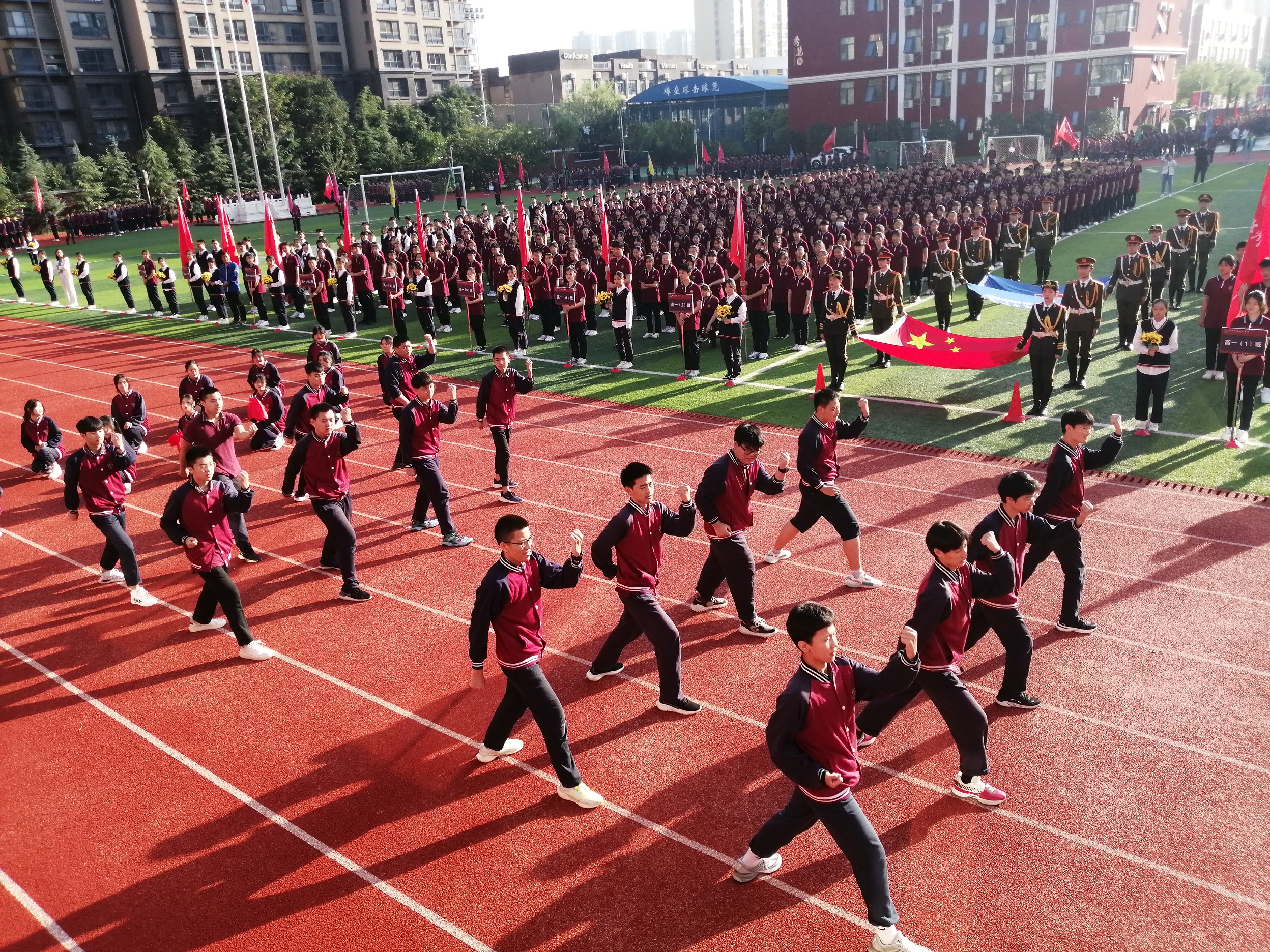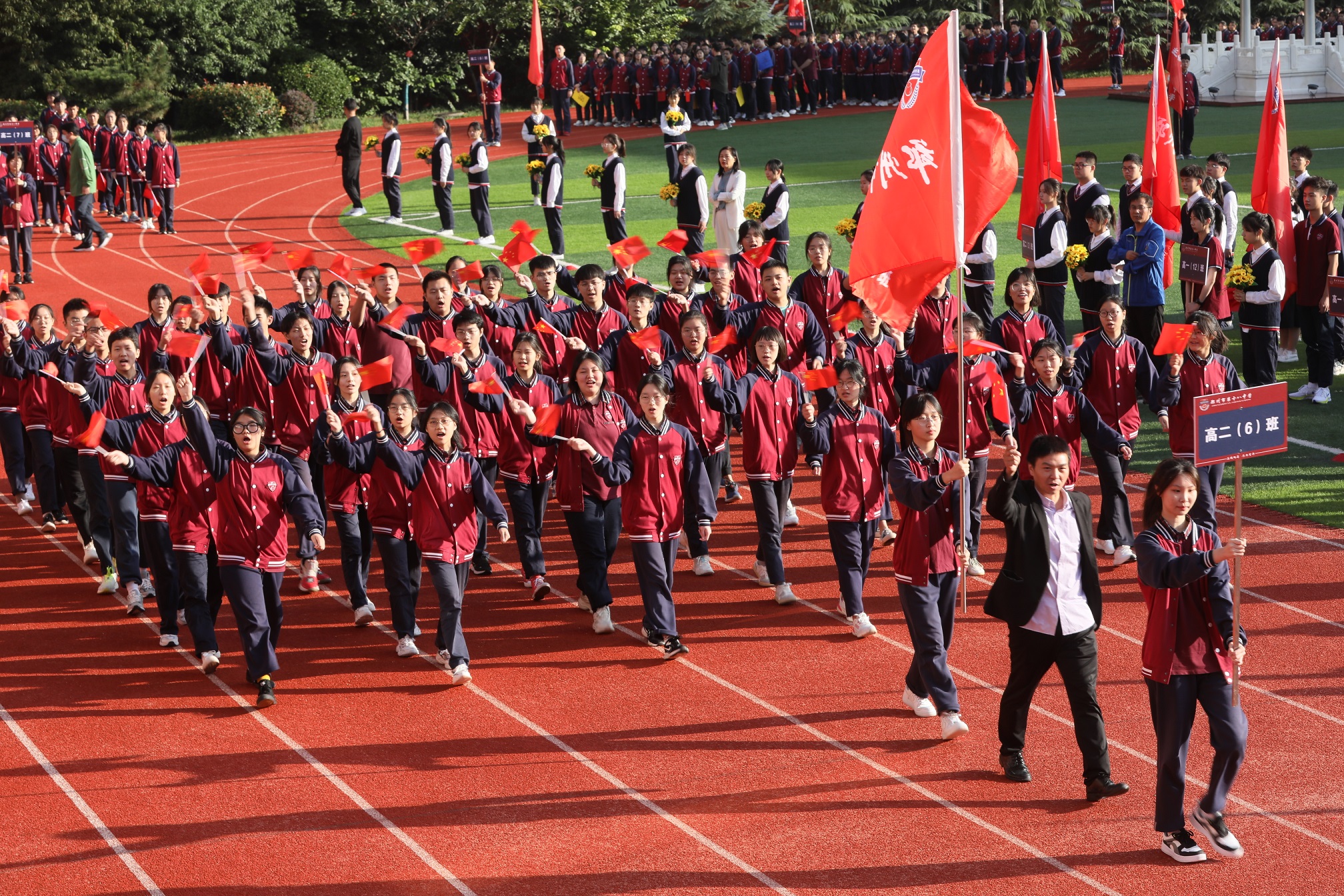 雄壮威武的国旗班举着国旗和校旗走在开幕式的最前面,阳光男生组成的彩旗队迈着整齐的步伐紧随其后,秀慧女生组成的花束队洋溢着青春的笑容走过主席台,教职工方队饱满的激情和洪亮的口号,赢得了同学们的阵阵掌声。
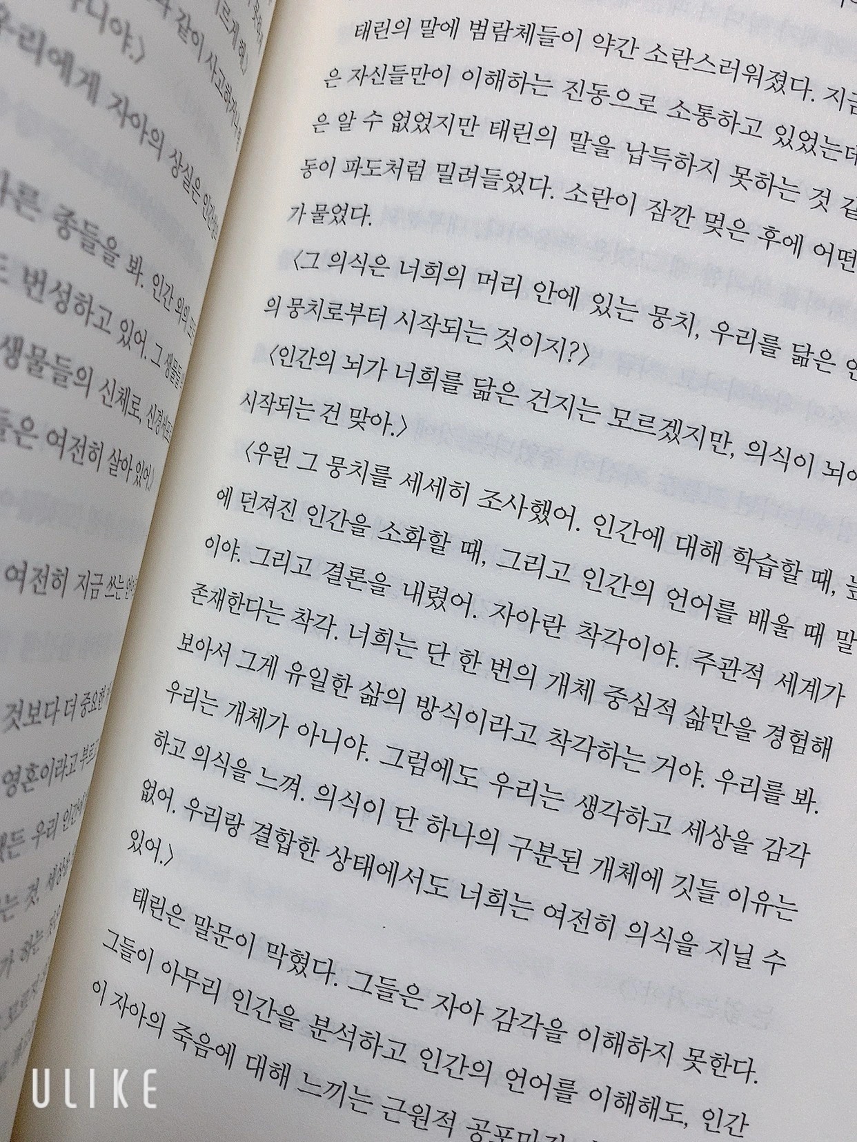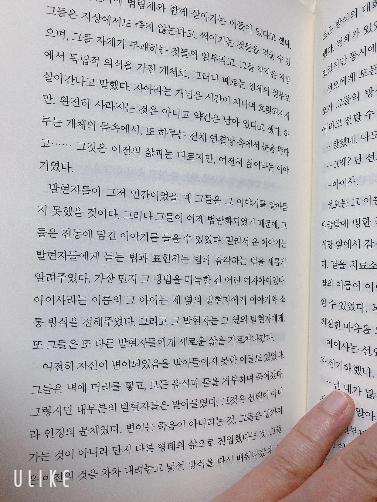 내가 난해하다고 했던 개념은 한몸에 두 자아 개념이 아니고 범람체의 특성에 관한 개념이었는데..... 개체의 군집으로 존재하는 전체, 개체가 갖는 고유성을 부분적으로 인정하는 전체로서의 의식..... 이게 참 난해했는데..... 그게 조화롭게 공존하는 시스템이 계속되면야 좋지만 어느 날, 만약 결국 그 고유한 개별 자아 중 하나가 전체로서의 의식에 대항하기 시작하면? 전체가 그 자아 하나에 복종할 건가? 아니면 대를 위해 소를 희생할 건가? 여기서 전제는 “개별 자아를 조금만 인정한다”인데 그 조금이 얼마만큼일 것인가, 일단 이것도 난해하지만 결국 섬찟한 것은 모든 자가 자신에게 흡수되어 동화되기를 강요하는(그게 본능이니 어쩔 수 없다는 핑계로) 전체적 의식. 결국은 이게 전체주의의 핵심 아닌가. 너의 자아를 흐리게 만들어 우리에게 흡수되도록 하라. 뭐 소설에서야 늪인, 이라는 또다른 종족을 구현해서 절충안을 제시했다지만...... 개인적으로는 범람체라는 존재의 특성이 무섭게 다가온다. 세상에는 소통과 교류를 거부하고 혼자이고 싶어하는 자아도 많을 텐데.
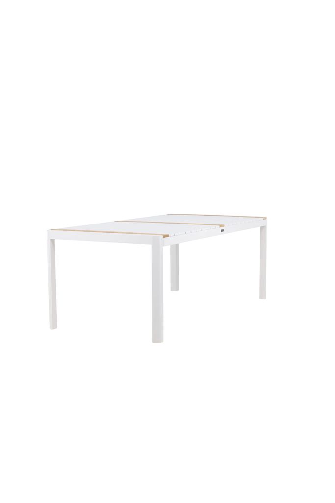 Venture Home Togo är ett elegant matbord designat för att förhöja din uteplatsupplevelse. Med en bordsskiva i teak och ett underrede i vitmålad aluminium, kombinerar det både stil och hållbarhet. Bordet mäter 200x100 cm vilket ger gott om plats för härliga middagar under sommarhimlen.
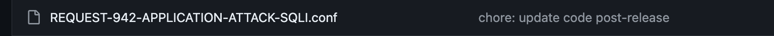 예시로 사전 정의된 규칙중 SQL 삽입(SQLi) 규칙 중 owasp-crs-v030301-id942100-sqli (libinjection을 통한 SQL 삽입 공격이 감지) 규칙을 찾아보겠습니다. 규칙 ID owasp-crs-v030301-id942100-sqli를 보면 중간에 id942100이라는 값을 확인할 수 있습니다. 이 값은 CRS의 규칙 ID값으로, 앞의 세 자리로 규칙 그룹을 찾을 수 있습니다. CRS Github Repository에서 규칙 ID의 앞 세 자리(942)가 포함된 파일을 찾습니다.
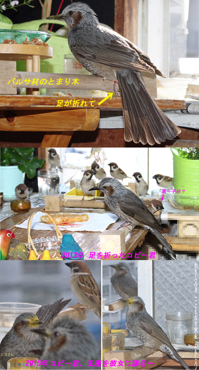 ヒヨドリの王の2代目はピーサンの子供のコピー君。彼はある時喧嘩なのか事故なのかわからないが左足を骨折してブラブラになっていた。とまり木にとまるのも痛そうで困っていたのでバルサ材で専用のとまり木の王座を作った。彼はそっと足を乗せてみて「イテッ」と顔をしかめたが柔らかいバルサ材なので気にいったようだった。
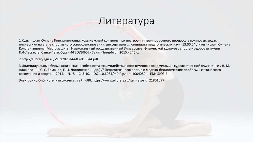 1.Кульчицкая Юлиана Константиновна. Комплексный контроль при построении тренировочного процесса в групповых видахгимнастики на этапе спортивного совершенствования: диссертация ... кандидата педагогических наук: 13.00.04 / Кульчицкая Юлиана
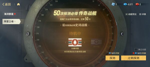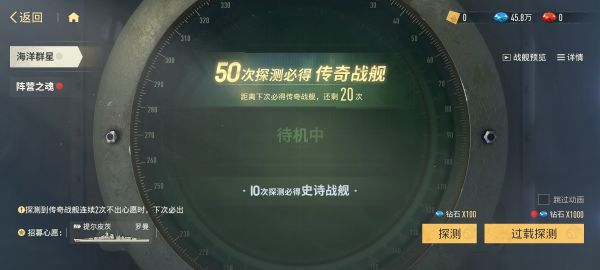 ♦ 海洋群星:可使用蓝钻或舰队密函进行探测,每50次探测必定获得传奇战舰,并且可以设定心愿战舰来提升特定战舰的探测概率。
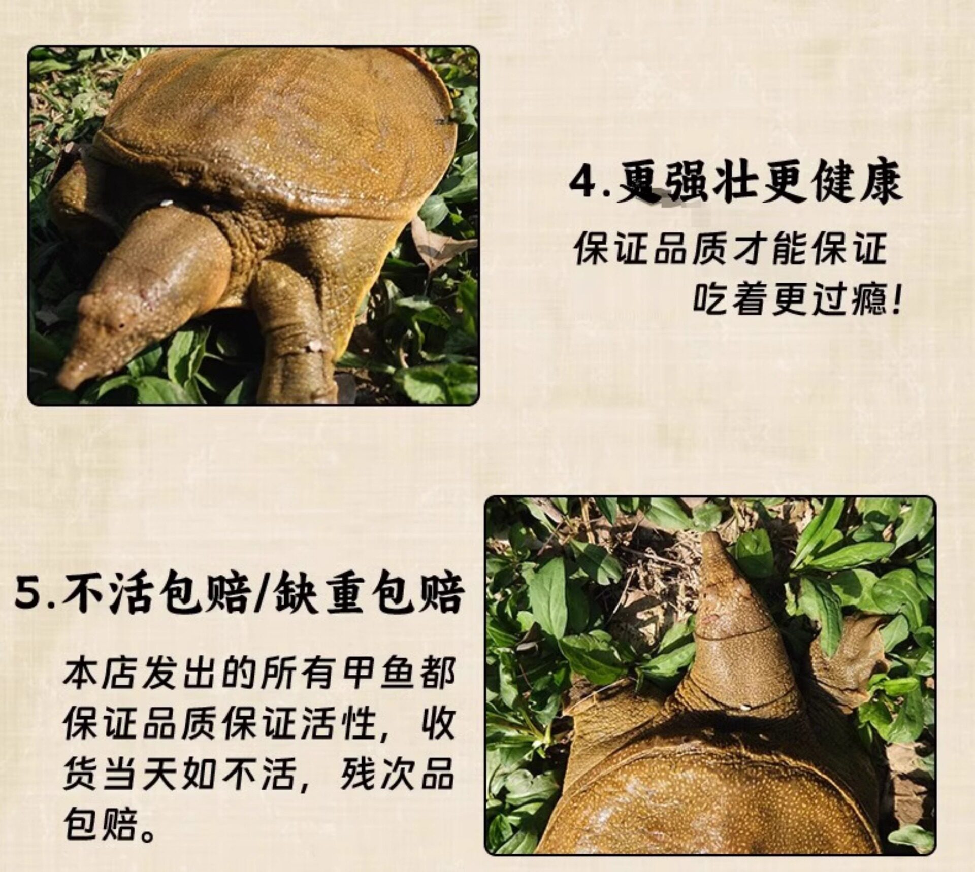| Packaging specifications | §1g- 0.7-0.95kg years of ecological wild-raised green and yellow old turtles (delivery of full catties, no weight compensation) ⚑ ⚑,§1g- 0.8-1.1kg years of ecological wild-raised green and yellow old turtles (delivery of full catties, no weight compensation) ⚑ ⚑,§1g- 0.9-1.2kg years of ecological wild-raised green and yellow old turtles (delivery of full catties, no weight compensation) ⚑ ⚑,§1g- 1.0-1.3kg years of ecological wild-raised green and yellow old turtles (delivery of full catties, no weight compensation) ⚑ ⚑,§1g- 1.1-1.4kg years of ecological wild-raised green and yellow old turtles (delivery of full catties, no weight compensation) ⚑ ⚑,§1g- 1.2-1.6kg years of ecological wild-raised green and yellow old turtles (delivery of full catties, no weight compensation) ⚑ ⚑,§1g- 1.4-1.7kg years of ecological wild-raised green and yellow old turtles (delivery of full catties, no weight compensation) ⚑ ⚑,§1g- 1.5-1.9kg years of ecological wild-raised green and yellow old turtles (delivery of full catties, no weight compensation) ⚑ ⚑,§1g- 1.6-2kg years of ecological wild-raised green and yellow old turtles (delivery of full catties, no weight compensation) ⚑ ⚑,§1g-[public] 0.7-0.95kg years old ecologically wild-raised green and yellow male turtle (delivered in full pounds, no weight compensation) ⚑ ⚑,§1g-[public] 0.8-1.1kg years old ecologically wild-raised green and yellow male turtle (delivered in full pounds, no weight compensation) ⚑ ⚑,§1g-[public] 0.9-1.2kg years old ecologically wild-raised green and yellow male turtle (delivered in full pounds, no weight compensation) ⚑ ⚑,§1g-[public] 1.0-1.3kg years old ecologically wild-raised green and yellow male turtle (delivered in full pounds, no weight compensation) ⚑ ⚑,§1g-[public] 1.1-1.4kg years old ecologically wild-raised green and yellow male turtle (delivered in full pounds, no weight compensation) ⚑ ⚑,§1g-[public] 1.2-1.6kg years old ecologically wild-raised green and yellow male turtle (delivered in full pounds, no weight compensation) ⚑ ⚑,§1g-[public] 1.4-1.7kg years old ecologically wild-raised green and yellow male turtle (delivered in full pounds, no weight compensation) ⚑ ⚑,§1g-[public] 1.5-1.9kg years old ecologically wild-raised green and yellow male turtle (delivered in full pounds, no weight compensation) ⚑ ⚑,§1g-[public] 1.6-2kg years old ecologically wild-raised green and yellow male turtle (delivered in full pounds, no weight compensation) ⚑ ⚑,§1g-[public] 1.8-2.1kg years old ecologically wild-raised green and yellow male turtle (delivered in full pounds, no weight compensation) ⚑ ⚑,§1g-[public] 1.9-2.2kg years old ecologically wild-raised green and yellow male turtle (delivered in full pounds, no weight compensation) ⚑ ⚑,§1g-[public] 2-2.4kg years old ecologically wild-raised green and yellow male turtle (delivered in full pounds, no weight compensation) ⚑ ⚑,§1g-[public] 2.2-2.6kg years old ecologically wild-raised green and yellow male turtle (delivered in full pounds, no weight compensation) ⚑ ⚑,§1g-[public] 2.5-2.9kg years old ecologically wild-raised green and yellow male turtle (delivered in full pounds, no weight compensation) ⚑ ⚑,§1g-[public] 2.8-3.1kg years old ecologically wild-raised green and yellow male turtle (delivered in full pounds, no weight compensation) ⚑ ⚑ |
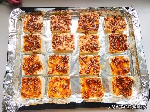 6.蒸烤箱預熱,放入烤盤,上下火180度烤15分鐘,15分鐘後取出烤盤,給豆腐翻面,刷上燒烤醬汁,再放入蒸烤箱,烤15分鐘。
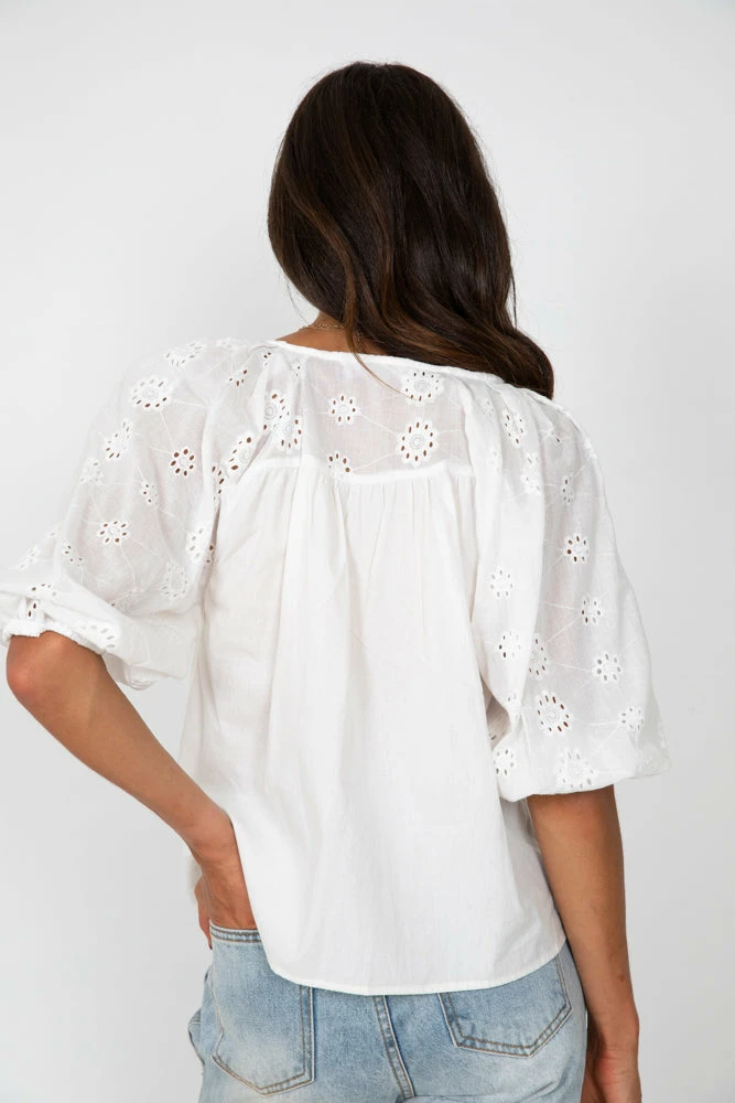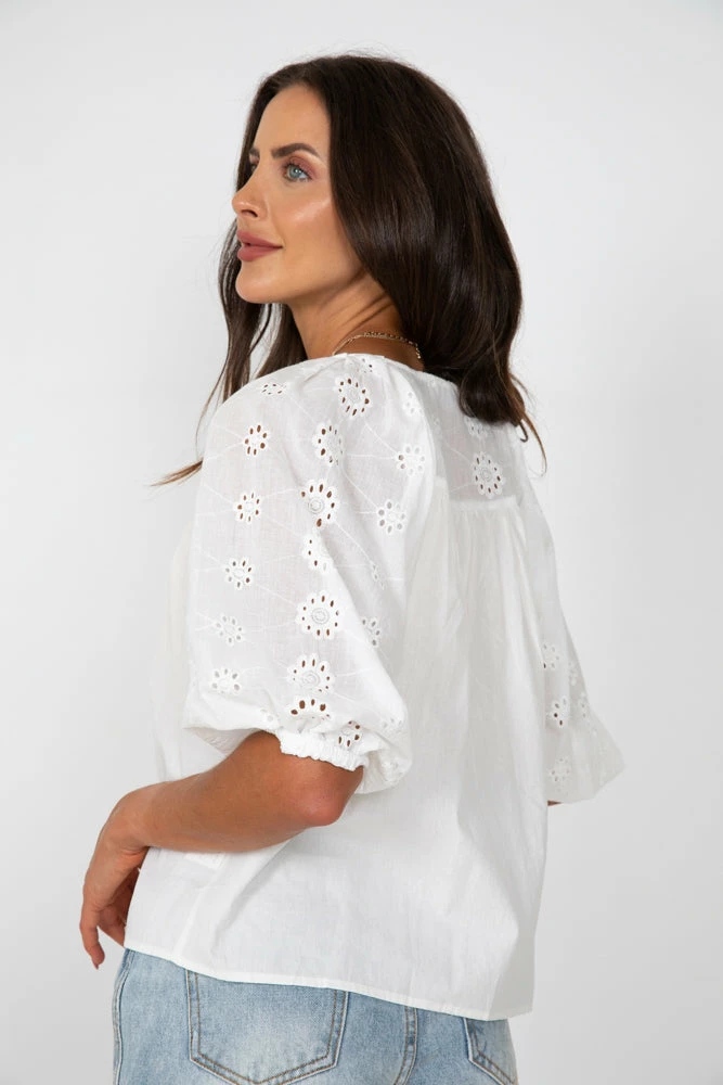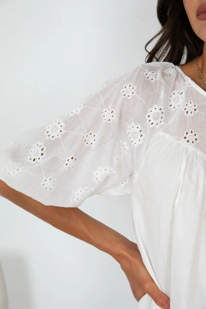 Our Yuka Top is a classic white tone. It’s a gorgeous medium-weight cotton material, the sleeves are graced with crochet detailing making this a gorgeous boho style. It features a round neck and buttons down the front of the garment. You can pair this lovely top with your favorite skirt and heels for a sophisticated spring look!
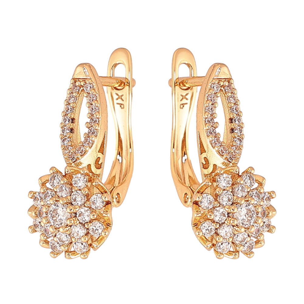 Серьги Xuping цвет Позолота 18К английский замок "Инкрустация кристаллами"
^^^^
_Task directions_
Reproduce only the lines from the beginning of the data through the line that contains "Venture Home Togo", both included, and please drop the pictures.

_Solved problem_
 雄壮威武的国旗班举着国旗和校旗走在开幕式的最前面,阳光男生组成的彩旗队迈着整齐的步伐紧随其后,秀慧女生组成的花束队洋溢着青春的笑容走过主席台,教职工方队饱满的激情和洪亮的口号,赢得了同学们的阵阵掌声。
 내가 난해하다고 했던 개념은 한몸에 두 자아 개념이 아니고 범람체의 특성에 관한 개념이었는데..... 개체의 군집으로 존재하는 전체, 개체가 갖는 고유성을 부분적으로 인정하는 전체로서의 의식..... 이게 참 난해했는데..... 그게 조화롭게 공존하는 시스템이 계속되면야 좋지만 어느 날, 만약 결국 그 고유한 개별 자아 중 하나가 전체로서의 의식에 대항하기 시작하면? 전체가 그 자아 하나에 복종할 건가? 아니면 대를 위해 소를 희생할 건가? 여기서 전제는 “개별 자아를 조금만 인정한다”인데 그 조금이 얼마만큼일 것인가, 일단 이것도 난해하지만 결국 섬찟한 것은 모든 자가 자신에게 흡수되어 동화되기를 강요하는(그게 본능이니 어쩔 수 없다는 핑계로) 전체적 의식. 결국은 이게 전체주의의 핵심 아닌가. 너의 자아를 흐리게 만들어 우리에게 흡수되도록 하라. 뭐 소설에서야 늪인, 이라는 또다른 종족을 구현해서 절충안을 제시했다지만...... 개인적으로는 범람체라는 존재의 특성이 무섭게 다가온다. 세상에는 소통과 교류를 거부하고 혼자이고 싶어하는 자아도 많을 텐데.
 Venture Home Togo är ett elegant matbord designat för att förhöja din uteplatsupplevelse. Med en bordsskiva i teak och ett underrede i vitmålad aluminium, kombinerar det både stil och hållbarhet. Bordet mäter 200x100 cm vilket ger gott om plats för härliga middagar under sommarhimlen.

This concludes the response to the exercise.